The red jumpsuit fitting smartly around Leo Buckley's shoulders was like a generic superhero costume, with a blank spot on the chest for the logo, maybe a lightning bolt or Superman's S. If he were to choose, Buckley might prefer a picture of a bullet blasting from the barrel of a Colt .45. "The Human Bullet," Buckley said. He has that kind of low, scratchy voice that sounds rough enough to sharpen an ax.
Inside a commercial building at Newport State Airport, a lean man trained a camera on Buckley. In an accent that sounded like Schwarzenegger, the man asked, "Vat are you going skydiving for?" The Human Bullet did not understand. His powers do not include linguistics. He bunched his brow and cocked an ear to the cameraman, smiled politely. "What?"
Anything to say to family?
Buckley stared into the camera. His light eyes are bracketed by deeply grooved laugh lines. At 52, he retains the lean body of a contractor after three decades of hard, outdoor work. "Wish me luck," he said. "I hope I don't splat." He laughed from deep inside his chest like a revving diesel, a laugh that makes other people laugh.
Later, the video of his first parachute jump would be edited and set to music: "Right Now" by Van Halen, a song that asks, "What are you waiting for? "
"There may be a real point where I'm not able to do things," said Buckley. "I want to be able to do things now."
In February 2003, four months past his 50th birthday, Buckley's right hand went numb as he clenched a pen to take on the stack of work orders on his desk. His right leg betrayed him, too; it wouldn't move. Recovering from that stroke was like visiting the far future, where he may be old and infirm.
"I had a lot of memory problems, speech problems, my cognitive skills were pretty much nil. After I got out of the hospital I spent a month in rehabilitation, learning how to walk, learning how to use my hands so I could eat. Basically trying to learn how to dress myself."
Stuck at home, in Franklin, Mass., often in a wheelchair, the self-described workaholic was forced onto Social Security disability. He became clinically depressed and needed prescription mood pills. "I was," he said, "the most miserable son-of-a-gun."
On the tarmac in Newport, he clip-clopped with a light limp in his right leg. The single-prop Cessna had barely enough room in the back for two jumpers, two instructors and two parachutes.
"I've always put things off," Buckley would say later. "The stroke put me at a point where I want to do stuff. I want to do things with my wife that we haven't done. You do stuff for everybody else, for the family" -- he has four sons and four grandsons -- "I want to do stuff I want."
As the plane spiraled to 10,000 feet above Aquidneck Island, Buckley could pick out First and Second Beaches, like two white smiles on the shore, and then the Pell Bridge, the old Navy piers off the west side of Middletown. Buckley clipped to the instructor, who operated the parachute for their tandem jump.
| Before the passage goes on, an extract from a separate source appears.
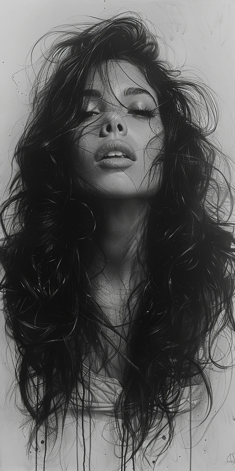 charcoal sketch, woman with long hair, hyperdetailed, smudges --ar 1:2 --stylize 750

Buckley was cargo; his responsibilities would end when they left the plane. Together, they crab-walked to the aircraft's open door. Buckley had no fear, no thought that the chute might not open. "I'm saying, oh, yeah, finally, this is it."
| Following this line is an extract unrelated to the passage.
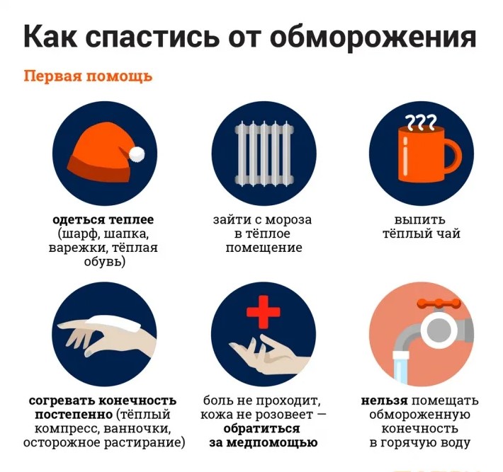 - как только на прогулке вы почувствовали переохлаждение или замерзание конечностей, необходимо как можно скорее зайти в любое теплое место: магазин, кафе, подъезд – для согревания и осмотра потенциально уязвимых для обморожения мест;

A camera strapped to the instructor's wrist recorded the next 30 seconds. The Human Bullet free-fell. The wind screamed. The skin on Buckley's face stretched tight and the air rippled through his jowls. He plunged at 120 mph, but had no sensation of falling. He felt he was flying. There was a tug when the rainbow-colored rectangle spread above him. The howl of the wind disappeared and the only noise was Buckley's ragged cry, sounding like old gravel-throated Boston Celtic announcer Johnny Most on the famous night Havlicek stole the ball.
"That was unbelievable," he screamed as they floated. "What a rush! Uhhhhhh! Ahhhhh! AWESOME! Yeah! Yeah-hoo!"
Some 20 people, including Buckley's wife, Doreen, waited back on earth to greet him as he plopped into a grassy field. "I was happy people were getting a chance to see this, to support this. My mother's 82. She was crying; she was nervous, I think," he said. "The rush of air, that speed, though you really don't feel how fast you're going until the chute opens." He whispered, as if awed, "and then it's just like . . . wow. I didn't want to give the suit back."
Leo Buckley is 50s in body though sometimes feels older; he says he feels 30 in his soul. For a few seconds over Newport he entered a state that age cannot reach, because those numbers are meaningless two miles up, to a man moving like a bullet.